Let $X_1,X_2, \cdots$ be a sequence of random variables that converges to random variable $X$ almost surely OR in $L_p$ norm OR in probability OR in distribution. That is
$$X_n\stackrel{a.s.}{\longrightarrow} X$$
OR
$$X_n\stackrel{L_p}{\longrightarrow}X$$
OR
$$X_n\stackrel{\mathscr{P}}{\rightarrow} X$$
OR
$$X_n\stackrel{\mathscr{D}}{\rightarrow} X$$
Let $Y=\frac{1}{n}\sum_{i=1}^{n}X_i$, I am interested in the convergence of the average sequence $\{Y_n\}$ in different cases. i.e. Which of the following conjectures is true?
$$X_n\stackrel{a.s.}{\longrightarrow} X \Rightarrow Y_n\stackrel{a.s.}{\longrightarrow} X$$
$$X_n\stackrel{L_p}{\longrightarrow}X\Rightarrow Y_n\stackrel{L_p}{\longrightarrow} X$$
$$X_n\stackrel{\mathscr{P}}{\rightarrow} X\Rightarrow Y_n\stackrel{\mathscr{P}}{\longrightarrow} X$$
$$X_n\stackrel{\mathscr{D}}{\rightarrow} X\Rightarrow Y_n\stackrel{\mathscr{D}}{\longrightarrow} X$$
If any one of them is incorrect, please give a specific counter example where the limit random variable $X$ is a non-degenerate variable, i.e. $X$ is not a real number(if it is possible). If there is not an $X$ could be non-degenerate, why?
(Maybe we can add a non-degenerate $X$ to the existing counter example? Namely, if $X$ is non-degenerate, then let $X_n^{\prime}=X_n-X$. Thus, we have $X_n^{\prime}\rightarrow 0$ in different modes. By the additivity of limit, it is make sense for non-degenrate case. Would it be all right? )
Many thanks.
Update: Now we know that for the arithmetic mean, case 1 and case 2 are true, meanwhile case 3 and case 4 are false.
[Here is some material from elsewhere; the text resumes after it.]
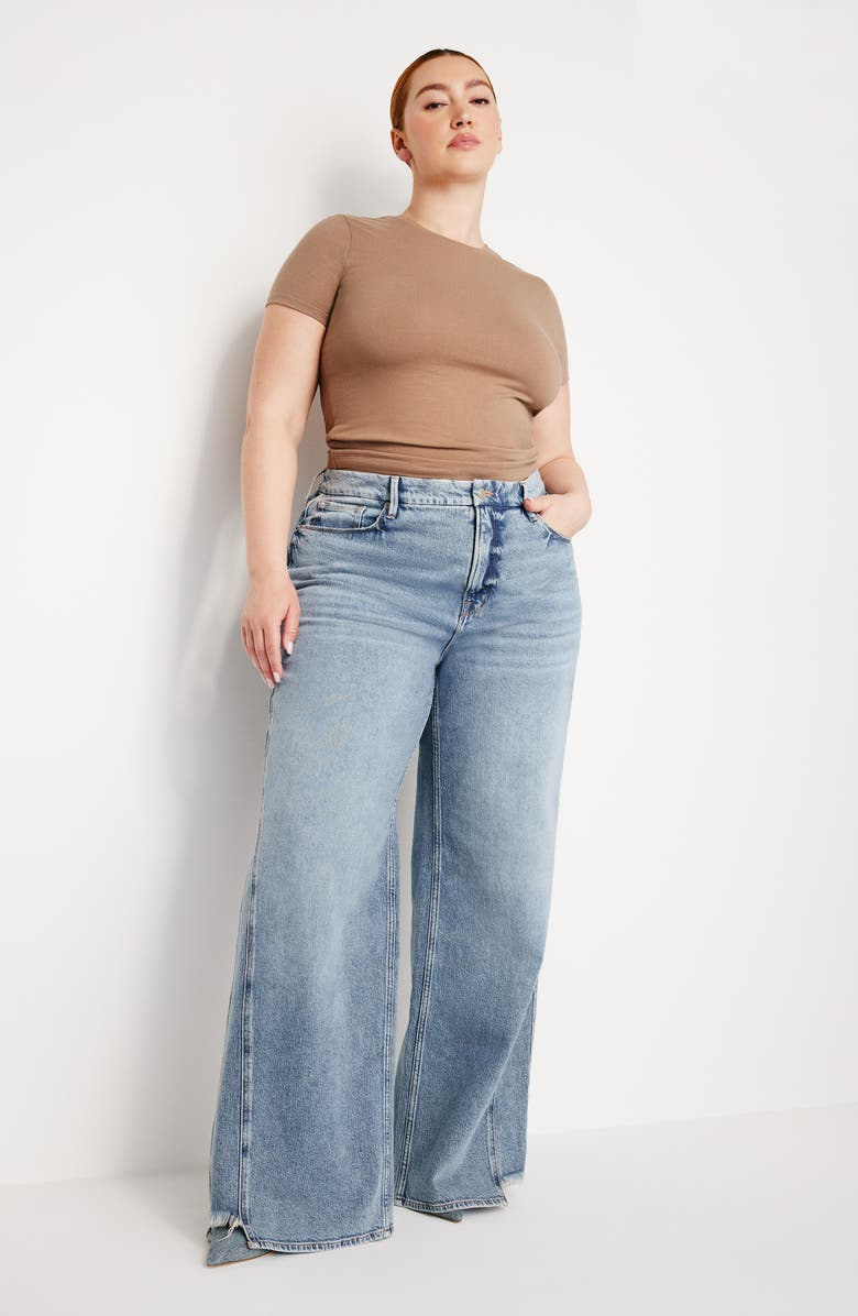 Good American Good Skate Ripped Hem Wide Leg Jeans, $, available at Nordstrom

Further, I want to know can the conclusion be extended to geometric mean, harmonic mean and quadratic mean? By the continuous mapping theorem, I think, for case 1, so does geometric mean, harmonic mean and quadratic mean as well. But I am not sure about the case 2. Moreover, for the other forms of mean, will the conclusions of the other two cases change?
Best Answer
For 3., let $(A_i)$ be a sequence of independent events such that for $2^N+1\leqslant i\leqslant 2^{N+1}$, $\Pr(A_i)=2^{-N}$. Let $X_i=i\mathbf 1_{A_i}$. Then the following inclusion holds: $$ \left\{ \frac 1{2^{N+1}}\sum_{i=1}^{2^{N+1}}X_i\geqslant \frac 12 \right\} \supset\bigcup_{i=2^N+1}^{2^{N+1}}A_i$$ and a lower bound for $\Pr\left(\bigcup_{i=2^N+1}^{2^{N+1}}A_i\right)$ can be obtained by Bonferroni's inequality, namely, $$ \Pr\left(\bigcup_{i=2^N+1}^{2^{N+1}}A_i\right)\geqslant \sum_{i=2^N+1}^{2^{N+1}}\Pr(A_i)- \sum_{2^{N}+1\leqslant i\leqslant j\leqslant 2^{N+1}}\Pr(A_i\cap A_j) $$ and using independence and the fact that $\Pr(A_i)=2^{-N}$, we get $$ \Pr\left\{ \frac 1{2^{N+1}}\sum_{i=1}^{2^{N+1}}X_i\geqslant \frac 12 \right\}\geqslant 1-\frac 12\left(1-2^{-N}\right). $$
For 4., let $X_{2i}=U$ and $X_{2i+1}=-U$, where $U$ takes the values $1$ and $-1$ with probability $1/2$.